There’s another, more abstract reason for choosing democracy: It promotes participation in government. When Americans engage in democratic processes—whether by casting a vote, attending a town hall, calling a representative, discussing policy choices with neighbors—they are asserting a role in the government and its choices. If people have a role, they are more likely to pay attention, to educate themselves and others, to demand better in return for the effort they are expending. It gives a kind of ownership and, therefore, responsibility. This is an end in itself, as well as a means to having more people contribute their interests, needs, and abilities toward forming a more perfect government.

Needless to say, the United States is not doing terrifically well at this measure either. A strikingly low proportion of people vote in the United States as compared with peer countries. However, it is still far more participation than is possible in an undemocratic government.

Of course, democracy also has its flaws.
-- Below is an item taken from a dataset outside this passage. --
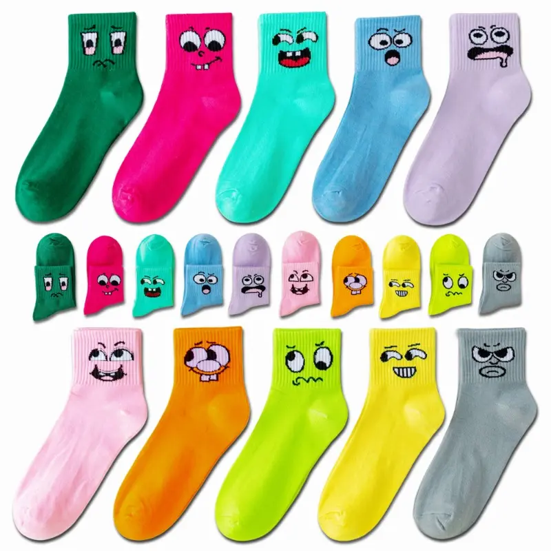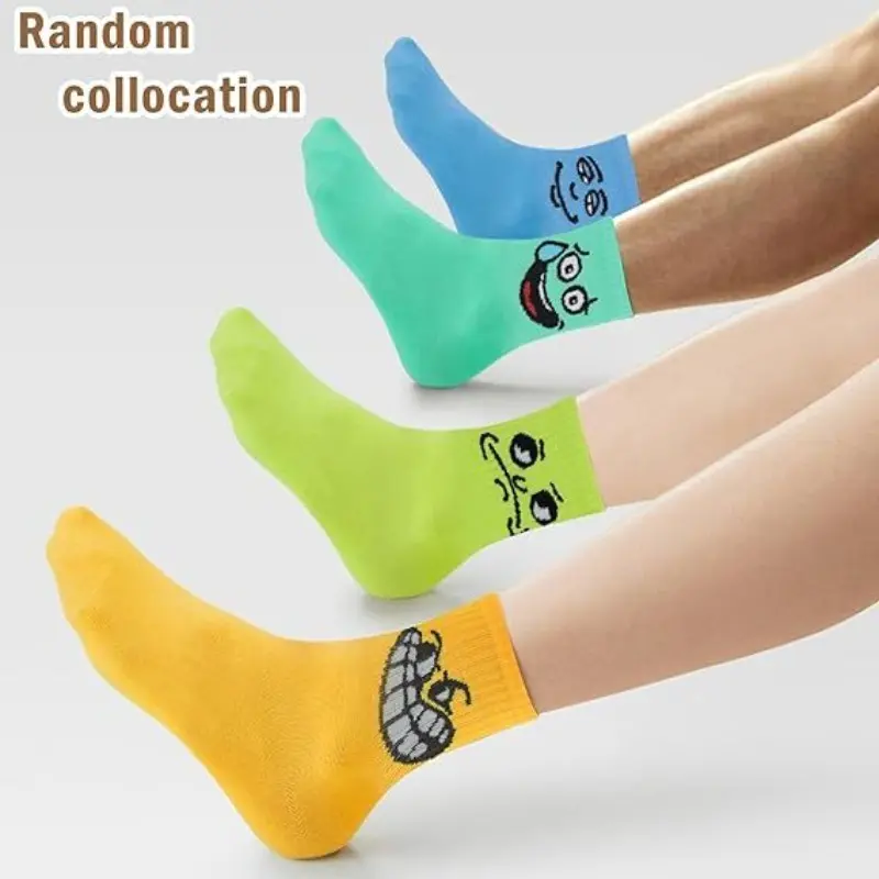 Add a playful twist to your everyday look with these funny expression crew socks for men. Featuring vibrant cartoon embroidery and a variety of bold colors, these mid-calf socks let you showcase your unique personality. Perfect for casual outings, sports, or just lounging, they offer a comfortable fit and eye-catching style. Available in multi-packs to mix and match with any outfit.

It opens a risk of oppression by the majority, in which the rights of a small group are trampled because they do not have the numbers to outvote the interests of the larger group. The United States defend against that in part through, for example, the Bill of Rights, which puts certain fundamental principles beyond the reach of democratic legislating. Those principles are subject to constant interpretation and debate in U.S. society; some argue that they don’t go far enough, others that they go too far. But they still give citizens more protection than they would have without them or under an undemocratic government.

Yet perhaps the most pernicious argument against democracy is the idea that the people won’t vote well. That was what frightened the Founding Fathers into restricting democracy to the elite and including plenty of elite safeguards, like the Senate and the Electoral College. And it’s a refrain that continues today, sometimes couched in the guise of “low-information voters” or “people voting against their own interests.”

It’s certainly possible that the people can make less-than-perfect decisions or base their decisions on poor information. However, there’s no evidence that dictators or autocrats do any better. (Contrary to popular myth, Benito Mussolini did not in fact make the trains run on time.) At least in a democracy you have the chance to change your mind in the next election cycle (or with a snap election, in some cases), while dictators are free to keep making bad decisions over and over (see again: famine, wars).

In terms of poor information, that is on everyone. I argue that a democracy that does not include accessible, quality education for its citizens should not be considered a democracy at all. Why put the burden of decision-making on people but not give them the tools they need to do it well? But once again, dictators and autocrats are not always particularly well educated or informed themselves and are often lacking in real-world experiences of one kind or another. Yugoslavia’s Josip Broz Tito only completed four years of school and failed second grade; Romania’s Nicolae Ceausescu stopped school at 11; and hereditary dictators like Syria’s Bashar al-Assad and Haiti’s Jean-Claude Duvalier were brought up in luxury.

So as much as we may want to critique or complain about the voting choices of the majority, there’s no reason to think their decisions would be any worse than those taken in an undemocratic society and plenty of reason to think they might be better.

Someday we might devise a form of government that works better than democracy as we understand it now. I hope we do, and I hope that until then we make our democracies more democratic. In the meantime, though, we need to defend what we have. It’s far better than anything else on offer.

Malka Older is an affiliated research fellow at the Center for the Sociology of Organizations at Sciences Po. She is the author of an acclaimed trilogy of science fiction political thrillers, beginning with Infomocracy, and a new collection of of short fiction and poetry, ...and Other Disasters.